Liberal Bias in the Academy? (In Response to Jesus Creed)

Liberal Bias in the Academy? (In Response to Jesus Creed) 2015-03-13T17:03:43-05:00

At Jesus Creed, Scot has first asked, then responded to a question posted by Dan Wallace at Parchment and Pen.  The bottom line of the discussion is this: Is there a bias in the academy, particularly graduate studies, against students from evangelical schools? I have a couple thoughts.

First, my experience.  I went to a secular, Ivy League university for undergraduate studies, majoring in Classics and adept in history, archaeology, Greek, and Latin.  From there I went directly to an evangelical seminary.  And, after that, in the fall of 1993, I applied to the PhD programs at Yale, Duke, Emory, and the University of Chicago.  I was accepted at none.

When I interviewed at Vanderbilt, I was actually laughed at by Professor Sallie McFague when I mentioned that I’d like my dissertation to be about Jurgen Moltmann.  At Duke, Geoffrey Wainwright was candid in my interview, and I remember his comments like it happened yesterday.  “As an evangelical white male, you’re not going to get in to this program,” he said, “And even if you did, there’d be no job for you once you got out.”

It mattered not at these places that I had gone to Dartmouth, nor that I had recommendations in hand from Miroslav Volf and Nancey Murphy.  My choice of seminary certainly damaged my application.

In some ways, Fuller didn’t help me much.  For instance, when I went to the registrar to find my class rank in my MDiv graduating class, I inquired about my class rank, which I assumed would be among the top few of my class and would strengthen my PhD applications.  I was told that class ranks were neither kept nor released, because ranking students wasn’t particularly “Christian.”
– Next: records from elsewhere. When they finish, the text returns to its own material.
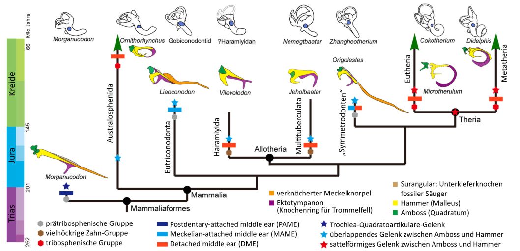 Abb. 5 dokumentiert die große Variabilität der Mittelohrformen bei den Säugetieren im weiteren Sinne (Mammaliaformes). Darüber hinaus wird erneut belegt, dass aus evolutionärer Perspektive vielfache, unabhängige und gleichgerichtete Entwicklungssprünge bei der Entstehung des Mittelohres angenommen werden müssen. Das freistehende Mittelohr (detached middle ear, DME) und die damit verbundene Entkopplung von Hör- und Kauapparat entwickelte sich nach der aktuellen Phylogenie mehrfach in mesozoischen Säugetierformen (Abb. 5). Als zugrundeliegender Mechanismus für das Entkopplungsereignis (wobei man hier richtiger von einem hypothetischen Selektionsvorteil sprechen sollte), wird von den Autoren lediglich die Anpassung an ein effizientes Kauen ins Spiel gebracht.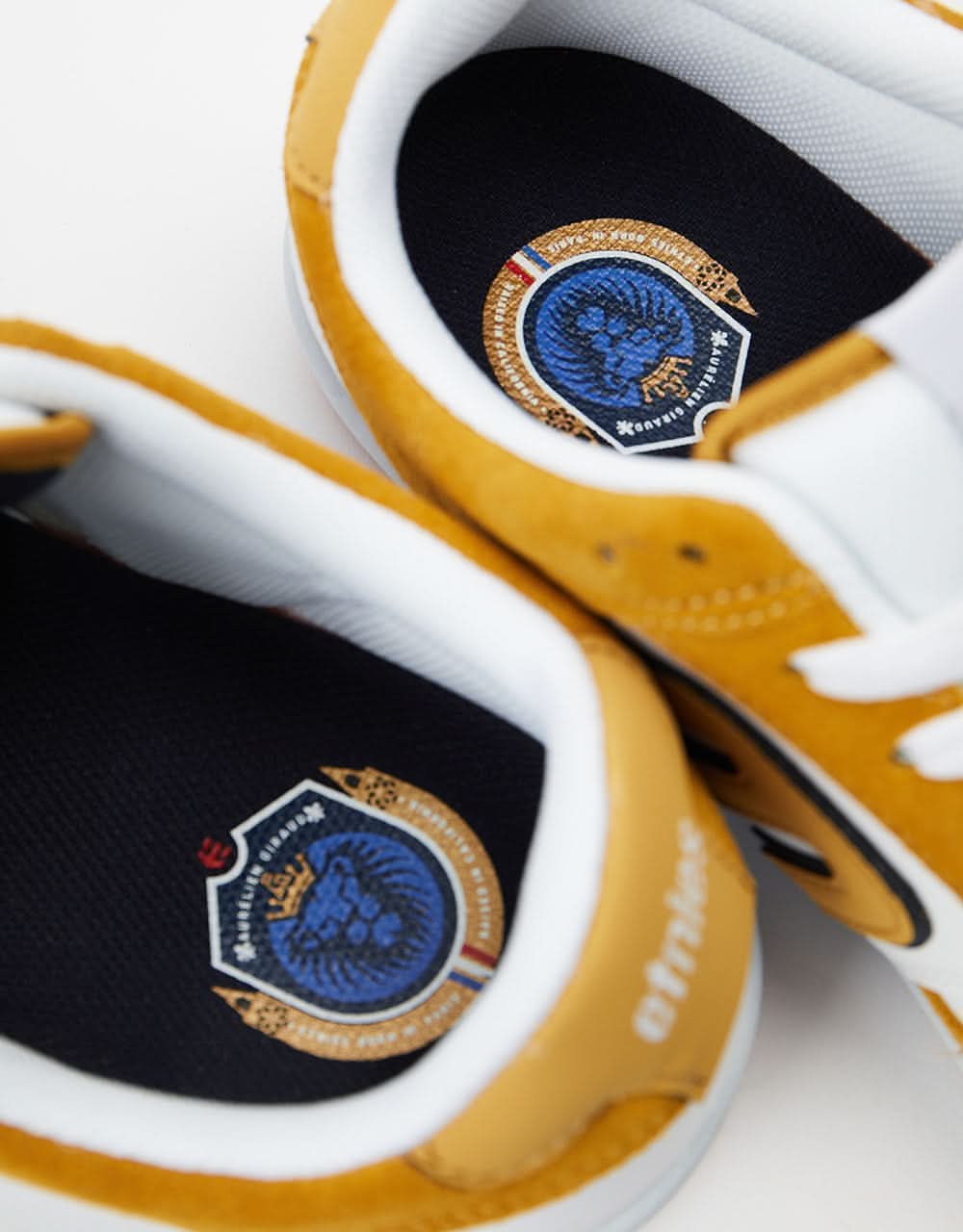 The Aurelien Giraud Pro shoe for Etnies features an STI Performance insole, hidden reinforcement in high wear areas, elastic tongue straps for superior fit and a solid two piece toe cap to help keep the shoes shape for longer. This is sat on top on a high quality cup sole for grip and board feel.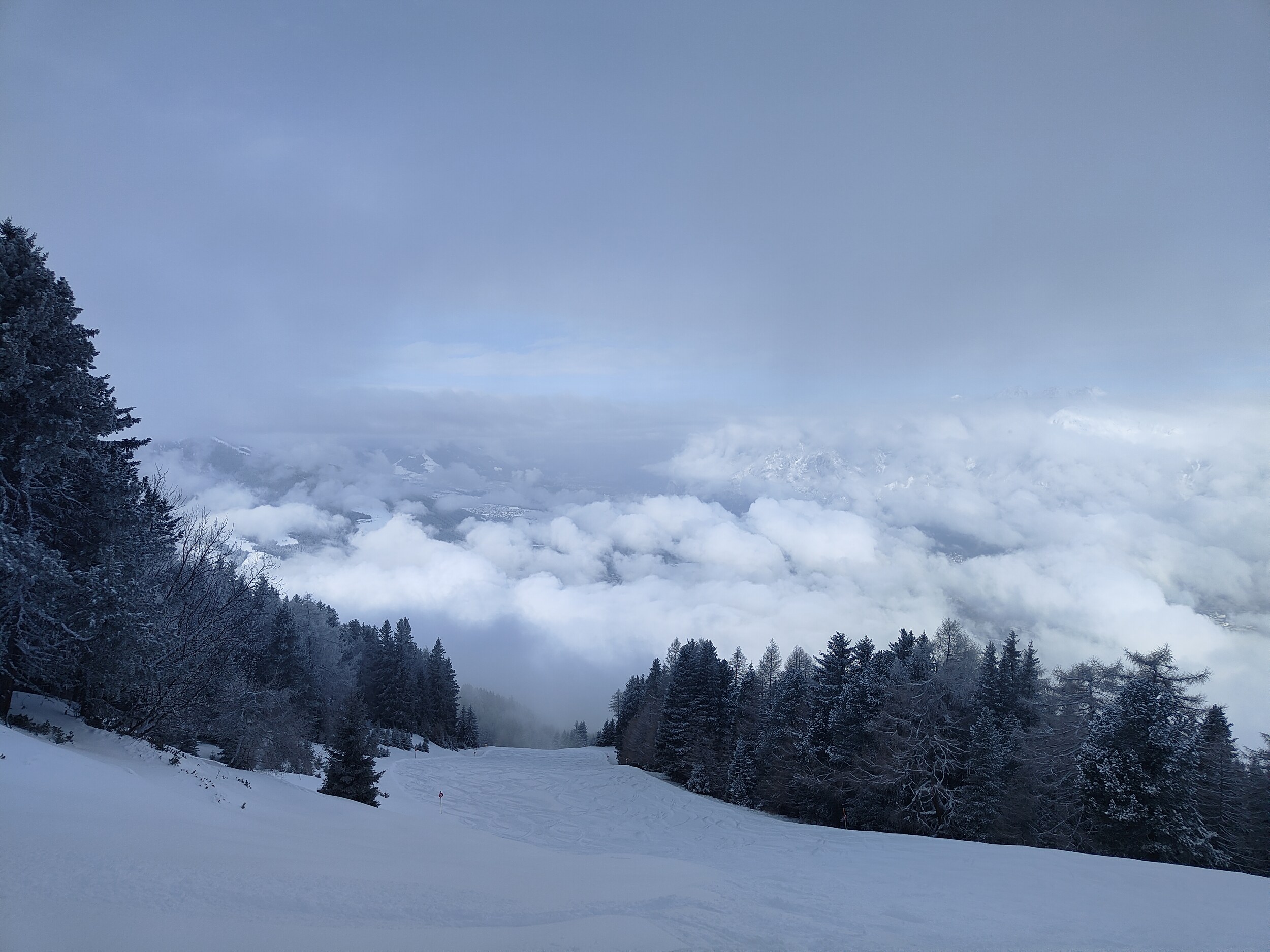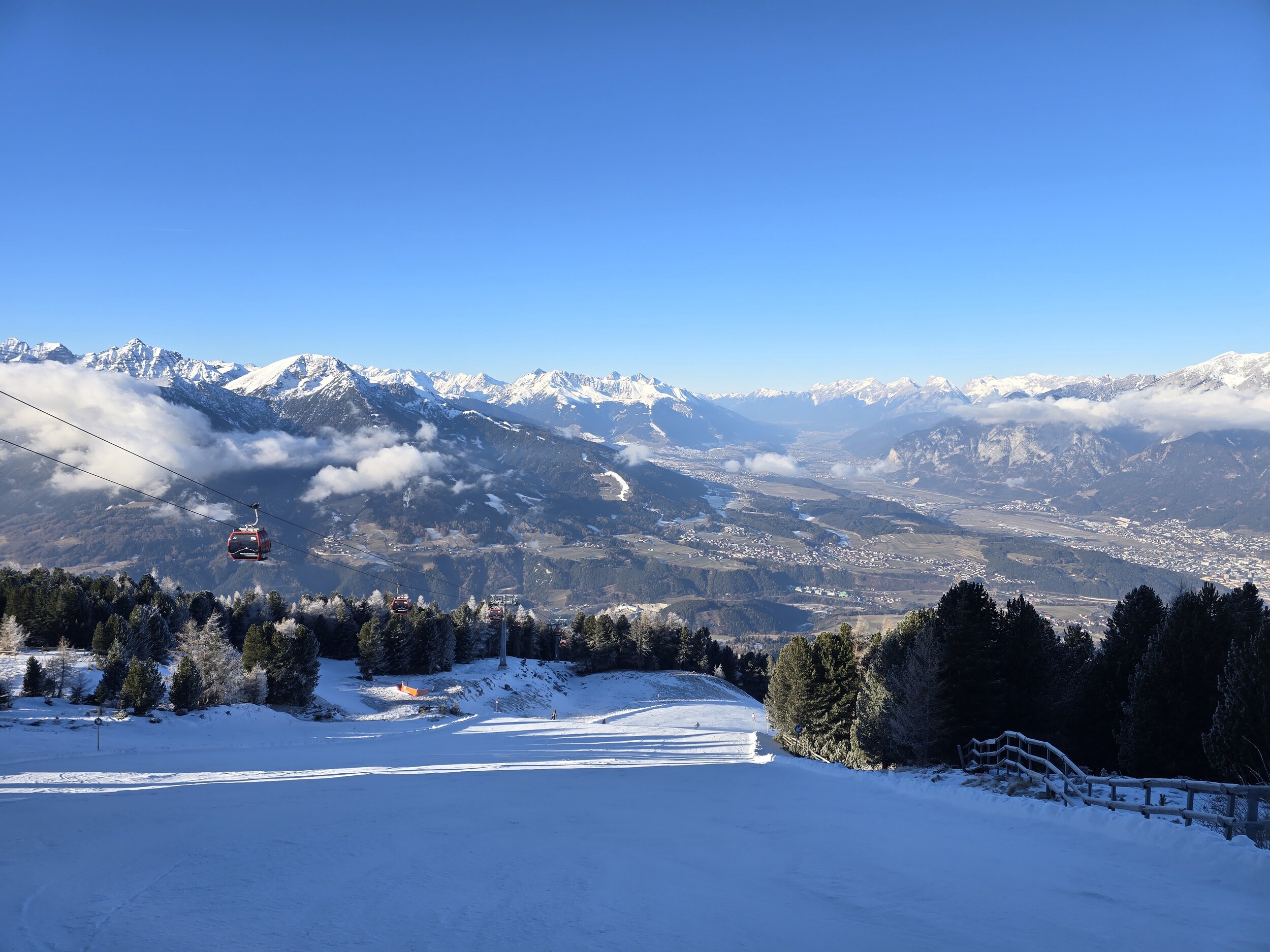 Dieses Trauma gehe ich heute an. Ich fahre den Patscherkofel. Und zwar am Tag, an dem Marco Odermatt seinen vierten Super-G-Weltcup gewinnt. Gibt es einen besseren Tag dafür? Die 30cm Neuschnee sind das Sahnehäubchen auf meiner Fahrt die Olympia-Strecke von 1976 (ja, 50 Jahre Franz Klammer Gold wurde diesen Februar gefeiert) hinab. Einfach cool, dieser Berg mit 960 Höhenmetern, nur 15 Minuten Fahrt vom Hotel entfernt (mit dem Skibus sind's 25 Minuten). Wie cool muss das erst mit Aussicht sein auf Innsbruck! Verständlich, dass da die nicht-Österreicher ein bisschen länger gebraucht haben bei ihrer Fahrt am 21. Dezember 1998.

However, when I did enter a PhD program, at Princeton Theological Seminary, a decade later, I found that the landscape had changed.  While still not on par with Yale or Duke, the MDiv program at Fuller was regarded as respectful, and I wasn’t the only doctoral candidate with a Fuller degree.  And one of my best friends had received his MDiv from Mars Hill Graduate School, before that school gained accreditation.  True, he had to do a ThM for a year first, but his strength in Hebrew quickly impressed the OT faculty, and they let him in.

But there’s another side of the coin.  Dan may be too committed to Dallas Seminary to see it, and I think that Scot may soft sell it a bit, and that’s the deserved perception of places like Fuller and Dallas Seminaries in the academic world.  Fuller has, indeed, bolstered its academic reputation over the last several decades, but it was founded by a fundamentalist radio preacher, and it will take time for it to overcome that heritage.  Dallas, known as a dispensationalist school, as Dan notes, has a similar image problem.  In my own travels, I have experienced both thoughtful, perspicacious students from DTS, and I have been shouted at by DTS students who were more ideological than they were theological.

Princeton Seminary has come a long way from its fundamentalist period in the early 20th century, then the pendulum swung far in the other direction, before coming to rest somewhere in the middle-left of mainline Christianity where it resides today.  The Fullers and Dallases of the world have to be patient.  But they also have to realize that holding to biblical inerrancy and dispensationalism will never gain the respect of the faculties at Yale, Duke, and U Chicago.

I get asked a lot about where I think that people should go for seminary or doctoral work.  My basic advice is this: Don’t be naive.  If you’re going to a school that made its name on dispensationalism, you will be discriminated against by the top academic institutions.  But, I can tell you from personal experience, that it goes the other way, too: Get your PhD from a mainline or secular school, and prepare to be written off by some evangelicals as being liberal (even if you’re not).